**PROBLEM**
What you return should be the full listing, copied exactly and stripped of its pictures.

**STORED DATA**

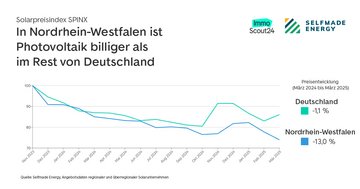 Der Solarpreisindex (SPINX) von Selfmade Energy und ImmoScout24 zeigt, dass die monatlichen Preise für die Installation von Solaranlagen ohne Batteriespeicher besonders in Nordrhein-Westfalen stark gesunken sind.
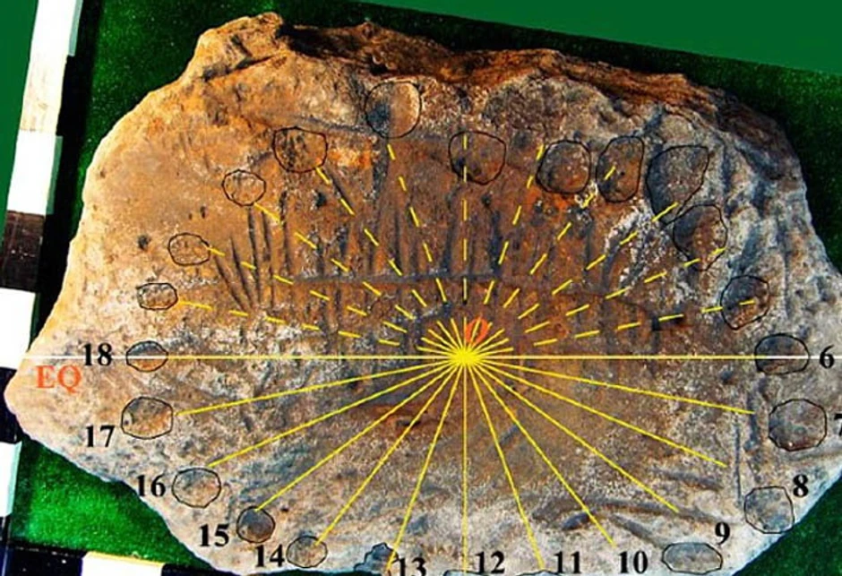 Osim linija, vidljiva su i kružna udubljenja koja označavaju sate, postavljena na elipsoidnoj putanji.
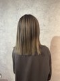 切りっぱなしの形にバレイヤージュをして単純な形に上品な綺麗さをプラスしております色がベージュ系で入れる事で色落ちしても汚い退色になりづらいのがポイントです
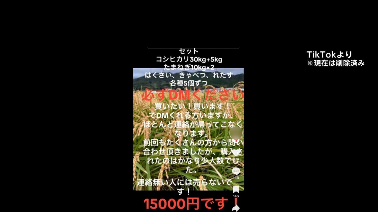 被害者の女性によると、きっかけは、2月の上旬、“個人の米農家”を名乗るアカウントがTikTokに投稿した「コシヒカリ30キロ+5キロ。1万5000円です」と書かれてある画像だ。

**OUTPUT OF THE TASK**
 Der Solarpreisindex (SPINX) von Selfmade Energy und ImmoScout24 zeigt, dass die monatlichen Preise für die Installation von Solaranlagen ohne Batteriespeicher besonders in Nordrhein-Westfalen stark gesunken sind.
 Osim linija, vidljiva su i kružna udubljenja koja označavaju sate, postavljena na elipsoidnoj putanji.
 切りっぱなしの形にバレイヤージュをして単純な形に上品な綺麗さをプラスしております色がベージュ系で入れる事で色落ちしても汚い退色になりづらいのがポイントです
 被害者の女性によると、きっかけは、2月の上旬、“個人の米農家”を名乗るアカウントがTikTokに投稿した「コシヒカリ30キロ+5キロ。1万5000円です」と書かれてある画像だ。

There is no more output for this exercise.